---
library_name: peft
base_model:
- unsloth/Llama-3.2-11B-Vision-Instruct
datasets:
- eltorio/ROCOv2-radiology
---
# Model Card for Llama-3.2 11b Vision Medical
This is a vision-language model fine-tuned for radiographic image analysis
Foundation Model: https://huggingface.co/unsloth/Llama-3.2-11B-Vision-Instruct
Dataset: https://huggingface.co/datasets/eltorio/ROCOv2-radiology
The model has been fine-tuned using CUDA-enabled GPU hardware.
## Model Details
The model is based upon the foundation model: unsloth/Llama-3.2-11B-Vision-Instruct.

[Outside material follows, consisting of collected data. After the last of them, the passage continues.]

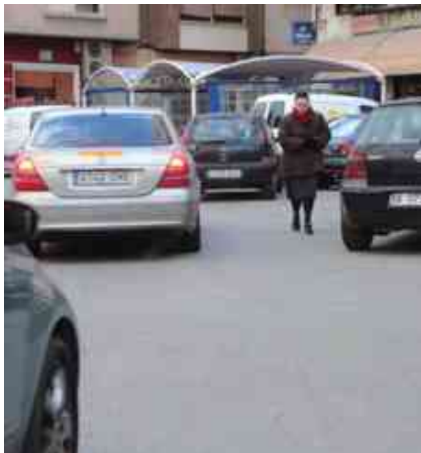
La zona azul afectaría a cuatro calles

acuden gran cantidad de vecinos de la población. En este perímetro urbano donde se demanda la zona azul gratuita se encuentra el Ayuntamiento, el Mercado Central, la Agencia de Desarrollo Económico, Servicios Sociales, la oficina de Urbanismo, las dependencias de SUMA, Gestión Tributaria, el SERVEF (oficina de empleo), el Centro Cultural y la biblioteca, la Oficina de Cultura y el Museo Dámaso Navarro. Asimismo, existen seis entidades bancarias, la oficina de Aguas de Alicante y alrededor de treinta y cinco comercios con muchos años de funcionamiento, aparte de los puestos de venta del maltrecho Mercado Central.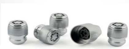
Nakrętki zabezpieczające koła (4 szt.)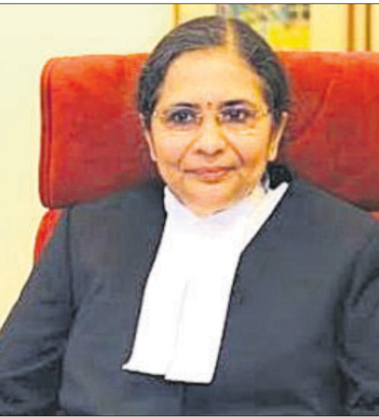
ଜଷ୍ଟିସ୍ ହିମା କୋହଲି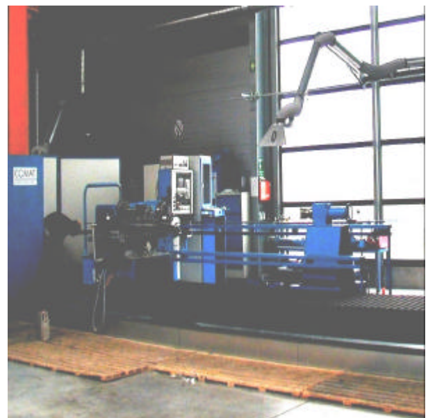
CNC gesteuerte Wickelmaschine CNC controlled winding machine

The winding machine was extended from 4,5 up to 15 meters last month. Furthermore, an extension of the oven from 11 to 15 meters is planned. Thus, one of the longest winding machines is available to our customers.

It has been tuned with Supervised Fine-tuning Trainer and PEFT LoRA with vision-language capabilities.
### Libraries
- unsloth
- transformers
- torch
- datasets
- trl
- peft
## Bias, Risks, and Limitations
To optimize training efficiency, the model has been trained on a subset of the ROCOv2-radiology dataset (1/7th of the total dataset).
Users (both direct and downstream) should be made aware of the risks, biases and limitations of the model.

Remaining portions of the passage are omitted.